** Opening Data provided block **

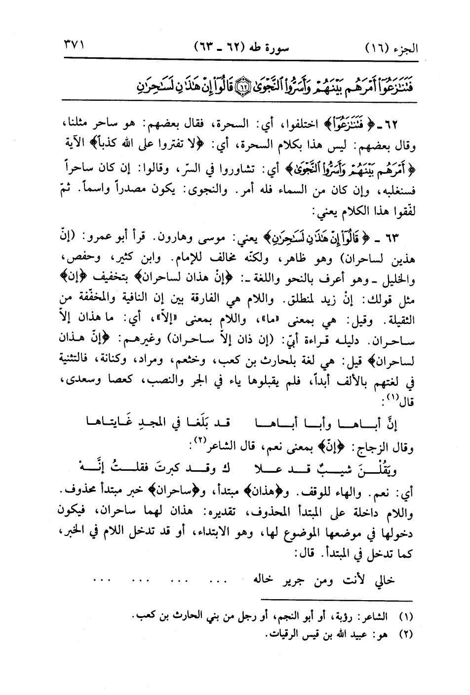 {قالوا إن هذان لساحران} يعني موسى وهرون قرأ أبو عمر إن هَذينِ لساحران وهو ظاهر ولكنه مخالف للإمام وابن كثير وحفص والخليل وهو أعرف بالنحو واللغة ان هذان لساحران بتخفيف إن مثل قولك إن زيد لمنطلق واللام هي الفارقة بين إن النافية والمخففة والثقيلة وقيل هي بمعنى ما واللام بمعنى إلا أي ما هذان إلا ساحران دليله قراءة أبي أن هذان إلا ساحران وغيرهم إن هذان لساحران قيل هي لغة بلحارث بن كعب وخثعم ومراد وكنانة فالتثنية في لغتهم بالألف أبداً فلم يقلبوها ياء في الجر والنصب كعصا وسعدى قال ... إن أباها وأبا أباها ... قد بلغ في المجد غايتاها ...
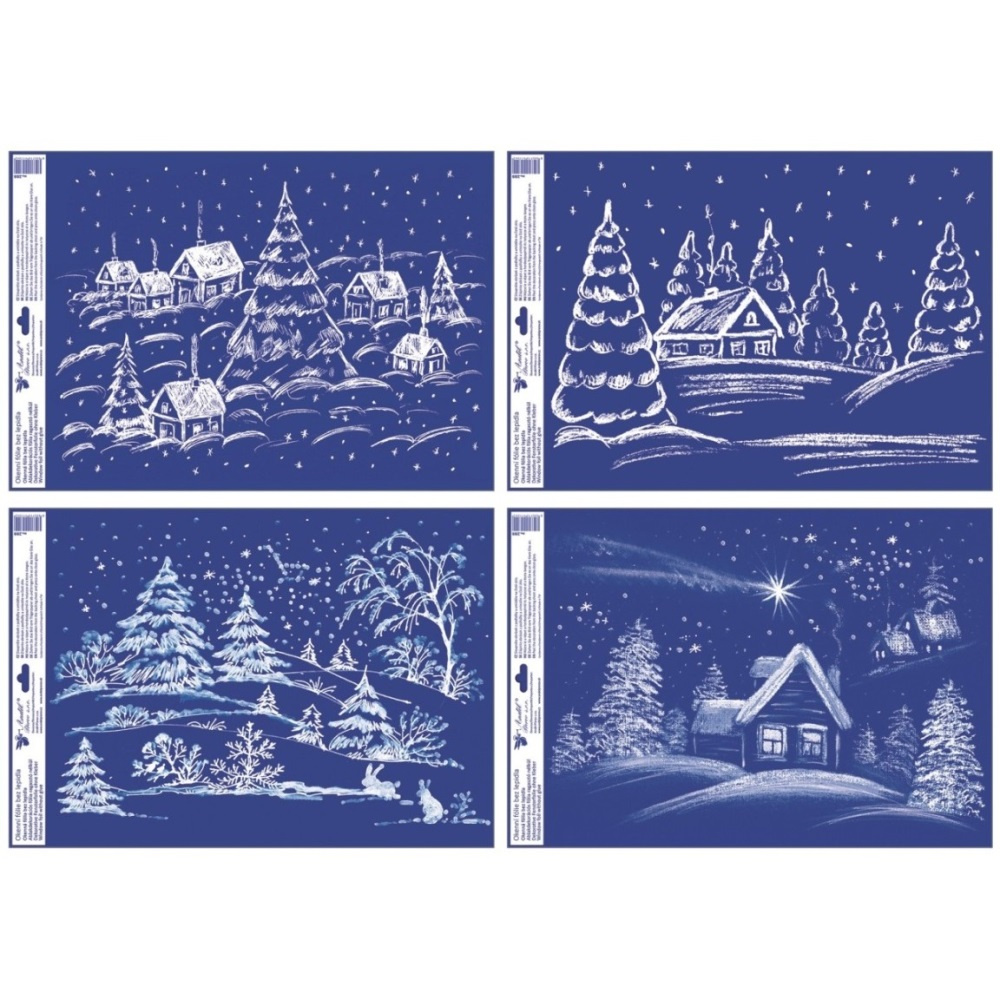 Popis Vianočná okenná fólia s glitrami Zasnežená krajina 35 × 50 cm (cena je za 1 hárok)
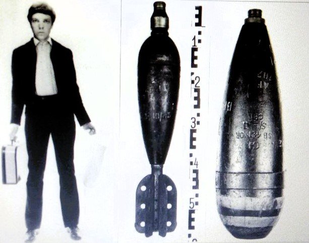 Identikit dell’attentatore e della granata di mortaio usata per confezionare l’ordigno diffuso dalla polizia nei giorni seguenti alla strage: la valigia bianca trasportata da Köhler insieme alla busta che conteneva la bomba, notata da vari testimoni, non fu mai ritrovata
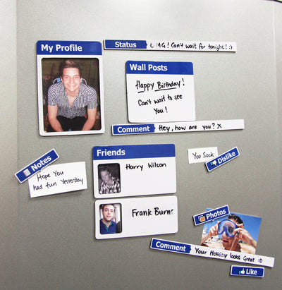 If communication at home, in the shared apartment, or at work mainly takes place over the internet or through an opaque note system, then the Facebook Refrigerator Magnets are just right for you.
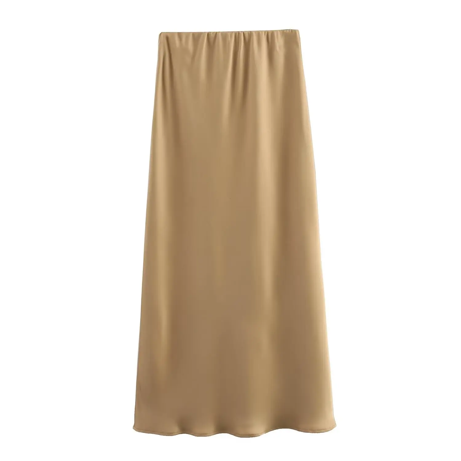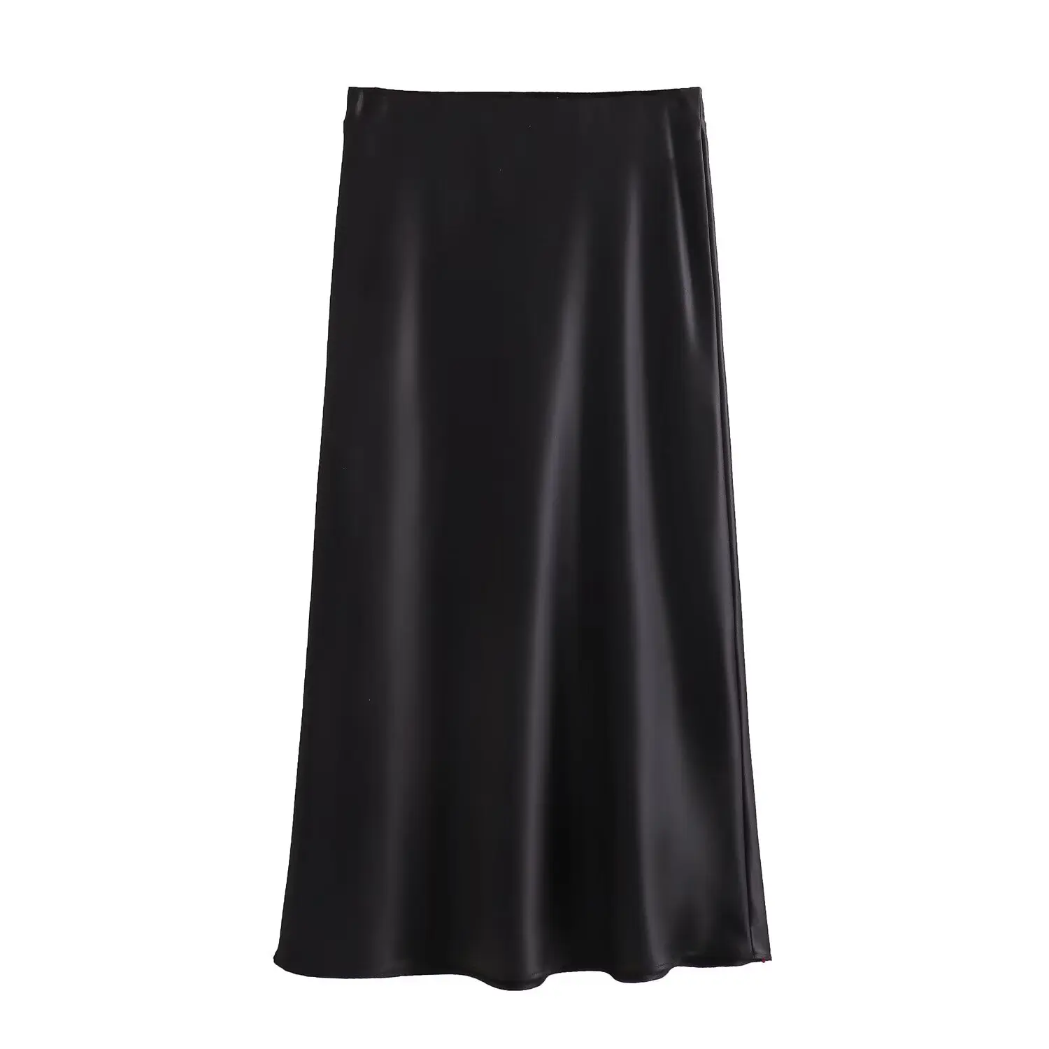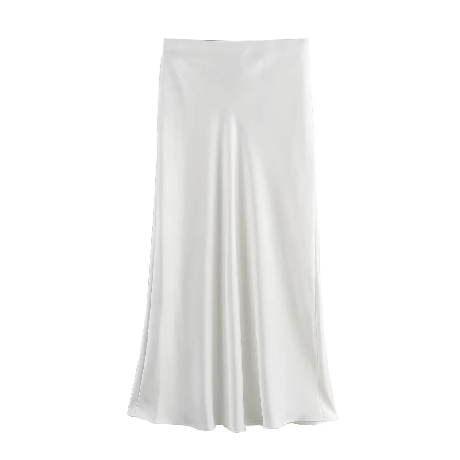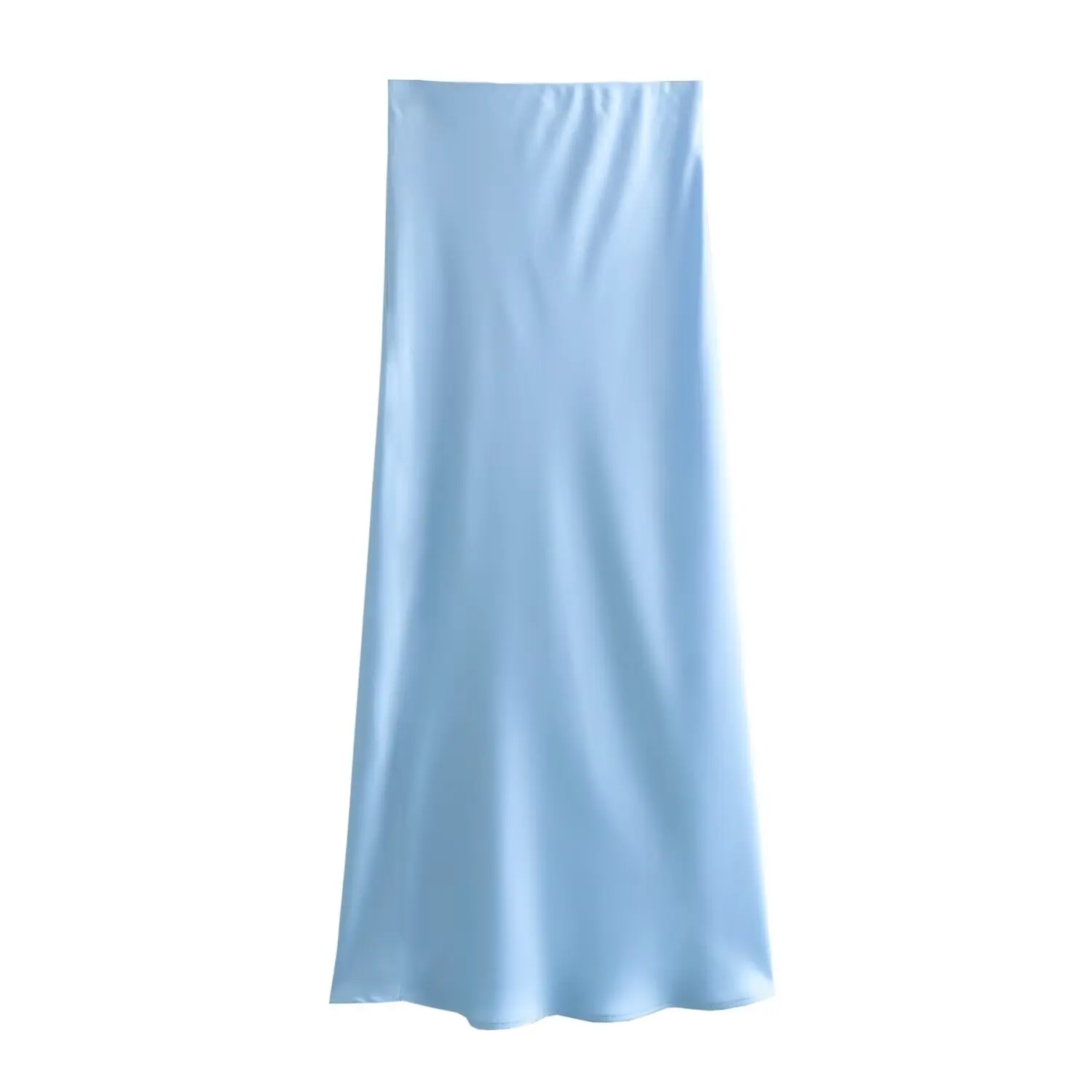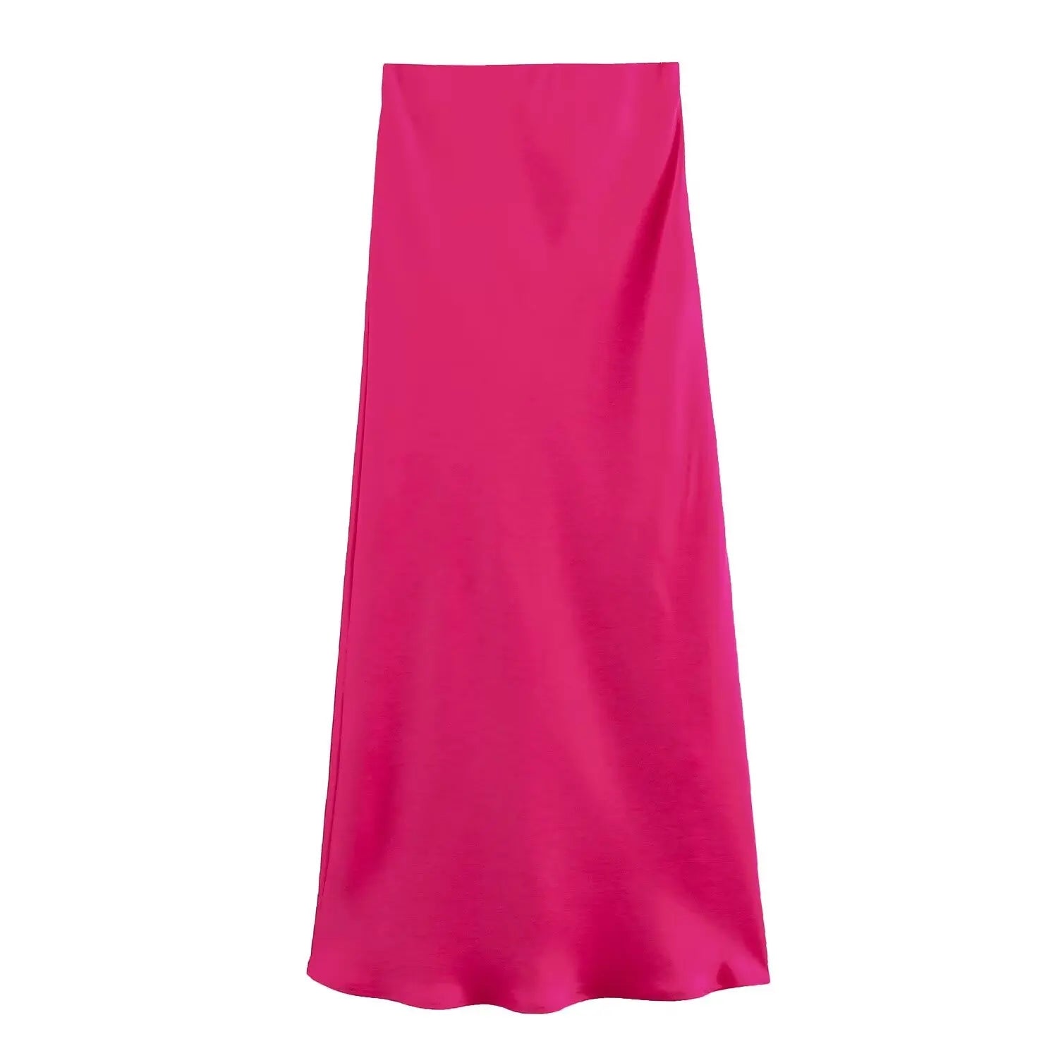 2024 New Women's European And American Style Fashion Silk Satin Texture High Waist Skirt Street Style Elegant Mid-length Skirt
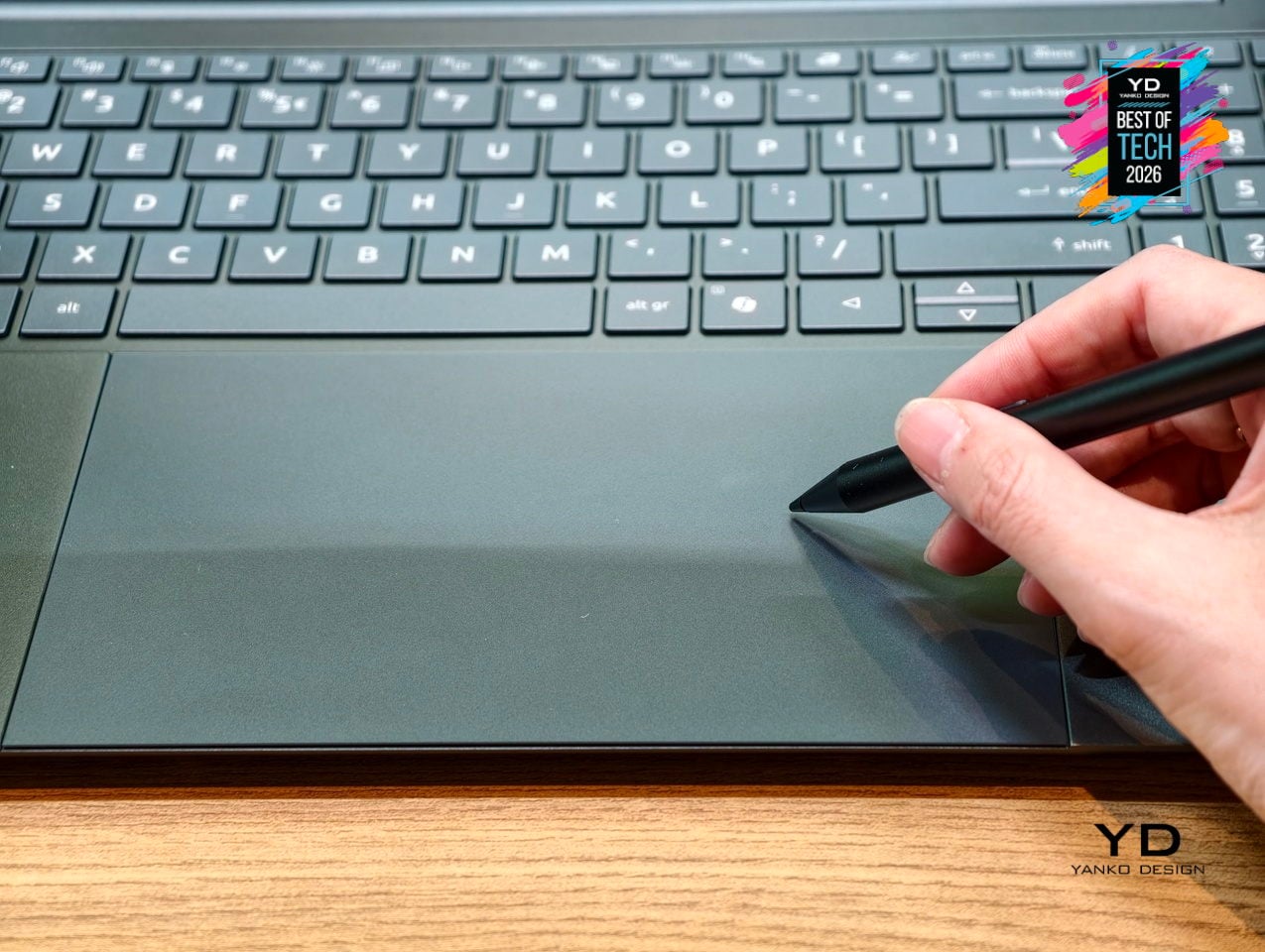 The 16-inch 3K OLED touch display runs at 120 Hz with 100 % DCI-P3 color and DisplayHDR True Black 500 certification, covering photo editing, video grading, and fast scrolling in one tall 16:10 canvas. Below it sits the world’s largest haptic touchpad, measuring 175.5 × 109.7 mm and supporting MPP 2.5 stylus input, turning the palm rest into a secondary drawing surface for sketching, animating, and editing directly without needing a separate tablet.

** Closing Data provided block **

▶ **Action item**
Could you reproduce the records above exactly, leaving out the pictures?

▶ **Task answer**
 {قالوا إن هذان لساحران} يعني موسى وهرون قرأ أبو عمر إن هَذينِ لساحران وهو ظاهر ولكنه مخالف للإمام وابن كثير وحفص والخليل وهو أعرف بالنحو واللغة ان هذان لساحران بتخفيف إن مثل قولك إن زيد لمنطلق واللام هي الفارقة بين إن النافية والمخففة والثقيلة وقيل هي بمعنى ما واللام بمعنى إلا أي ما هذان إلا ساحران دليله قراءة أبي أن هذان إلا ساحران وغيرهم إن هذان لساحران قيل هي لغة بلحارث بن كعب وخثعم ومراد وكنانة فالتثنية في لغتهم بالألف أبداً فلم يقلبوها ياء في الجر والنصب كعصا وسعدى قال ... إن أباها وأبا أباها ... قد بلغ في المجد غايتاها ...
 Popis Vianočná okenná fólia s glitrami Zasnežená krajina 35 × 50 cm (cena je za 1 hárok)
 Identikit dell’attentatore e della granata di mortaio usata per confezionare l’ordigno diffuso dalla polizia nei giorni seguenti alla strage: la valigia bianca trasportata da Köhler insieme alla busta che conteneva la bomba, notata da vari testimoni, non fu mai ritrovata
 If communication at home, in the shared apartment, or at work mainly takes place over the internet or through an opaque note system, then the Facebook Refrigerator Magnets are just right for you.
 2024 New Women's European And American Style Fashion Silk Satin Texture High Waist Skirt Street Style Elegant Mid-length Skirt
 The 16-inch 3K OLED touch display runs at 120 Hz with 100 % DCI-P3 color and DisplayHDR True Black 500 certification, covering photo editing, video grading, and fast scrolling in one tall 16:10 canvas. Below it sits the world’s largest haptic touchpad, measuring 175.5 × 109.7 mm and supporting MPP 2.5 stylus input, turning the palm rest into a secondary drawing surface for sketching, animating, and editing directly without needing a separate tablet.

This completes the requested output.